**Action item**
Wherever the string "touch" shows up in the records below, return that line.

**Dataset content**
>>>>

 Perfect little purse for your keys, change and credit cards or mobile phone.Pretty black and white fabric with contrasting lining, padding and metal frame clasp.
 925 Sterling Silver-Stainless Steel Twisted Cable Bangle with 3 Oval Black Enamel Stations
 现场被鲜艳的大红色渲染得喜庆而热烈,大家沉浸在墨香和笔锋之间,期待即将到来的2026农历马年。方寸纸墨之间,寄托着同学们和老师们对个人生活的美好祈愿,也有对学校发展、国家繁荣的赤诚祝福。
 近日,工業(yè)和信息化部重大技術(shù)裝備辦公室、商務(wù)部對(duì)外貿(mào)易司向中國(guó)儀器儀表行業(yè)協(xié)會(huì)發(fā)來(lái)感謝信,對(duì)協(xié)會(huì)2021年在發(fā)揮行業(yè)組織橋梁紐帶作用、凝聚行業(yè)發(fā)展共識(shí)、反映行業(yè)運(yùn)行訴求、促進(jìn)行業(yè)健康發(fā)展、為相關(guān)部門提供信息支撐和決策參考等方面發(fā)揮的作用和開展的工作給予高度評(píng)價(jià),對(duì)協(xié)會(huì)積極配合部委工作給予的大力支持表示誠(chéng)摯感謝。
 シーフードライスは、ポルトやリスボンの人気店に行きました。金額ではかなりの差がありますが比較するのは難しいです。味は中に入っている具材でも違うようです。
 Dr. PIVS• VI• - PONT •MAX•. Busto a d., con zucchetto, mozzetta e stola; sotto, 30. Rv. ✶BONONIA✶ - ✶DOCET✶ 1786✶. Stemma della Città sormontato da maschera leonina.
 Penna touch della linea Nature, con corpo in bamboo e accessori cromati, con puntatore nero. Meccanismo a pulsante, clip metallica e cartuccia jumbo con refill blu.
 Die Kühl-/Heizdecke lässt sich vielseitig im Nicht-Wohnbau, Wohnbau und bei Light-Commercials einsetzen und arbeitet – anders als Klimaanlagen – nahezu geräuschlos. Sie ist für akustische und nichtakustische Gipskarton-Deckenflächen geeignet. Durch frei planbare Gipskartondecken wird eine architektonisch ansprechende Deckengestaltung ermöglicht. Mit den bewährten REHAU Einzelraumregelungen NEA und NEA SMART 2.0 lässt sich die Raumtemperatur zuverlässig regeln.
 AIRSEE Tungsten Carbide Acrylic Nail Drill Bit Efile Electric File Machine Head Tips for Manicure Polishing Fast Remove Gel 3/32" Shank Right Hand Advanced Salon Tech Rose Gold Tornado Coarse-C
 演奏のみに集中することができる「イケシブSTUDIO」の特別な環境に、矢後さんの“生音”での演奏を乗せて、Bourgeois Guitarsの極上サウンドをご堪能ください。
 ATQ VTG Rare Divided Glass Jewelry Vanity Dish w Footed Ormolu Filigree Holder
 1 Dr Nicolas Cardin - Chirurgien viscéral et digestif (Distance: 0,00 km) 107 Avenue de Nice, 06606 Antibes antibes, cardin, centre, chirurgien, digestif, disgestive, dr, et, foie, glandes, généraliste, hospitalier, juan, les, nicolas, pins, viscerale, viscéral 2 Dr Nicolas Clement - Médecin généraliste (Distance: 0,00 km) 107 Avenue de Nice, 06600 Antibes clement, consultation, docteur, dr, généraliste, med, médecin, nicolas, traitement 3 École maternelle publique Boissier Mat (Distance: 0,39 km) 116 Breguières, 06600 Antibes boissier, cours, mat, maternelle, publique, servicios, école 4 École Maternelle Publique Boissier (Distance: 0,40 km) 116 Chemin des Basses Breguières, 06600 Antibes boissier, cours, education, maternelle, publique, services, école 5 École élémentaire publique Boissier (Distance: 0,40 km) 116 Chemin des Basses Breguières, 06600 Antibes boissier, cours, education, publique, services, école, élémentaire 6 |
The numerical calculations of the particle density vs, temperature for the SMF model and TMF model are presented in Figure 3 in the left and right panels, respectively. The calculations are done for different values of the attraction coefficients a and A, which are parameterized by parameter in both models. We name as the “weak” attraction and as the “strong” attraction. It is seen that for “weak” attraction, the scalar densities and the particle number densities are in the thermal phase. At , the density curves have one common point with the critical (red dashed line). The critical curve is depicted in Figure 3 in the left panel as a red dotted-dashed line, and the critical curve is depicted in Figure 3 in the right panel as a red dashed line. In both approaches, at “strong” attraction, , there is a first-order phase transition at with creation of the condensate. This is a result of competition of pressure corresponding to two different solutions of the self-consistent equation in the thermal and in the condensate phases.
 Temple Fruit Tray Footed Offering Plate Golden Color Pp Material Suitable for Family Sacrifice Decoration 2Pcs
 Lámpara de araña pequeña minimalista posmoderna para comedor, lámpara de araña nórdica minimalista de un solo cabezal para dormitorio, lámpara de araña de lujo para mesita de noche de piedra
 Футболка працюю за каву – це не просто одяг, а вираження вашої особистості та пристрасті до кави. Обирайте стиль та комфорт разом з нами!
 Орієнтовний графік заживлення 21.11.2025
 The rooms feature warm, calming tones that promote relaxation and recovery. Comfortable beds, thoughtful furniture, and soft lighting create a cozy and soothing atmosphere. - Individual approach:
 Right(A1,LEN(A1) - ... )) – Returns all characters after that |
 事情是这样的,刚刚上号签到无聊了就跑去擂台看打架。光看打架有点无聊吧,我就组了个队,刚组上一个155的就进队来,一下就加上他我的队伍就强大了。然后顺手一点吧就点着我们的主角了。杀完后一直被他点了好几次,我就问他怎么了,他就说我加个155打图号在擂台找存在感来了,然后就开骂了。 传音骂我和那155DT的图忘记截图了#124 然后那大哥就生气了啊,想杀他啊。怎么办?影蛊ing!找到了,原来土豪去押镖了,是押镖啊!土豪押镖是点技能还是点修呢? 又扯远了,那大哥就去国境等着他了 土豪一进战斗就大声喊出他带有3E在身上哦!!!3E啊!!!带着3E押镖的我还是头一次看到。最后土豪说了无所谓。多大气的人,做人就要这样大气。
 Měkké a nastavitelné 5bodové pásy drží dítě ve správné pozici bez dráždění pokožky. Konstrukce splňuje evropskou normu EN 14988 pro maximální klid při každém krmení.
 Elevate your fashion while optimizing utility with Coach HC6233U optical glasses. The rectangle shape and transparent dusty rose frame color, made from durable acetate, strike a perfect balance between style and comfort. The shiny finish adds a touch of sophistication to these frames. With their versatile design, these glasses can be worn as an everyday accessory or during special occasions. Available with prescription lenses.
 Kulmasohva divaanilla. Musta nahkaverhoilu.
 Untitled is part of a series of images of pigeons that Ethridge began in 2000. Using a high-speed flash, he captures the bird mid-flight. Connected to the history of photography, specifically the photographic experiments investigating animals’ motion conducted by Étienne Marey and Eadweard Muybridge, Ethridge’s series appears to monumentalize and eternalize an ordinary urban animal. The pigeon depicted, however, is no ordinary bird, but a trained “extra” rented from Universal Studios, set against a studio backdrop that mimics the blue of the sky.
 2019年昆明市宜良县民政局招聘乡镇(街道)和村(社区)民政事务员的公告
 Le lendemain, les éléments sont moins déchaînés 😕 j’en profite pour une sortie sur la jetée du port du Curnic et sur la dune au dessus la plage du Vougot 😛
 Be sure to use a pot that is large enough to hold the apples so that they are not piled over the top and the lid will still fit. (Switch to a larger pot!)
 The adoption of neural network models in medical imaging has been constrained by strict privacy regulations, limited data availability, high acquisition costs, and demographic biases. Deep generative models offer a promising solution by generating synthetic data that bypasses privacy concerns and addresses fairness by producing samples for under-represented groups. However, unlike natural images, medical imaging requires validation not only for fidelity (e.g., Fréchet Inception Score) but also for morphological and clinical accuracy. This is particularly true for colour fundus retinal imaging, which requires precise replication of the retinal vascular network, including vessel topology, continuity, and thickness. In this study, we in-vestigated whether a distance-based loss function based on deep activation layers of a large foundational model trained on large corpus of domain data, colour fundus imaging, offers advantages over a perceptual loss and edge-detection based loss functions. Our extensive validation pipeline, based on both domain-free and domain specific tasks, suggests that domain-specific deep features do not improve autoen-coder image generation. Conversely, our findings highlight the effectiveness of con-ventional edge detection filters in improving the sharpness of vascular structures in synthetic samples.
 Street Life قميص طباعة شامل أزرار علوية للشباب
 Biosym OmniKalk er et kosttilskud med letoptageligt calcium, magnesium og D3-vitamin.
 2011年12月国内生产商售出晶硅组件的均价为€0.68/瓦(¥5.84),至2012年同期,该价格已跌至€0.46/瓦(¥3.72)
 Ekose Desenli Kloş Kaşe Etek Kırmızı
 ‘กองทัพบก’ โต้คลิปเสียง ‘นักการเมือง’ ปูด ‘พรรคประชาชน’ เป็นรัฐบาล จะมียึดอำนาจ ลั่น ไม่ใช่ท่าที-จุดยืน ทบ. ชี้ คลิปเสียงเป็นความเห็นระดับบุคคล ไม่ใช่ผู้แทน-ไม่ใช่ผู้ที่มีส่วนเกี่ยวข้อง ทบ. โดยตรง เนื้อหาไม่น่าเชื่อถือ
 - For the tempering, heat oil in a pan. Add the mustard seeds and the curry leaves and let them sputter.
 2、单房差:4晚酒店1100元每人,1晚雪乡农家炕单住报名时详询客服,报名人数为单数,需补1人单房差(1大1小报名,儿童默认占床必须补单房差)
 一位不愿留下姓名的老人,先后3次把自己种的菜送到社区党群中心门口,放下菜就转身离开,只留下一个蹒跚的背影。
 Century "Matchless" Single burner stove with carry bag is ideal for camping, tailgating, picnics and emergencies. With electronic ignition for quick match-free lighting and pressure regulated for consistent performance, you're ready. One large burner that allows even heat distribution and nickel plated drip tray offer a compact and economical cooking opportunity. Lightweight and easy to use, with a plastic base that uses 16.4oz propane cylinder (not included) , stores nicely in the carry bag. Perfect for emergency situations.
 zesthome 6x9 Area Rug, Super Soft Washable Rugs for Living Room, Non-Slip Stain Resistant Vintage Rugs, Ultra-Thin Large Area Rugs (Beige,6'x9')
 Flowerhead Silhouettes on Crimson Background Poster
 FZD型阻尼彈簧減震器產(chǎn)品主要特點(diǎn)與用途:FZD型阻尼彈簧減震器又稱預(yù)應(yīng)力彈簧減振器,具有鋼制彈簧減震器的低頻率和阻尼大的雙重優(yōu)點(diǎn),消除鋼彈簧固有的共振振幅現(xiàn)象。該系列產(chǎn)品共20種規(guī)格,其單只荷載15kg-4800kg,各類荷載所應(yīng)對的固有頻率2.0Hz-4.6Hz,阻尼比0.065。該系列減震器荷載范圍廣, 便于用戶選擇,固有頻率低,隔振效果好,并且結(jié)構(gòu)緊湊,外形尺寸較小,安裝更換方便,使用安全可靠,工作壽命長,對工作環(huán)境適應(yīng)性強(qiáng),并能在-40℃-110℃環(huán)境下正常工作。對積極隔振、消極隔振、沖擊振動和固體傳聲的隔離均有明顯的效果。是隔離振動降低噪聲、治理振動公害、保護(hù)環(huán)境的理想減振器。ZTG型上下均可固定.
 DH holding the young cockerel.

<<<<

**Your solution**
 Penna touch della linea Nature, con corpo in bamboo e accessori cromati, con puntatore nero. Meccanismo a pulsante, clip metallica e cartuccia jumbo con refill blu.
 Elevate your fashion while optimizing utility with Coach HC6233U optical glasses. The rectangle shape and transparent dusty rose frame color, made from durable acetate, strike a perfect balance between style and comfort. The shiny finish adds a touch of sophistication to these frames. With their versatile design, these glasses can be worn as an everyday accessory or during special occasions. Available with prescription lenses.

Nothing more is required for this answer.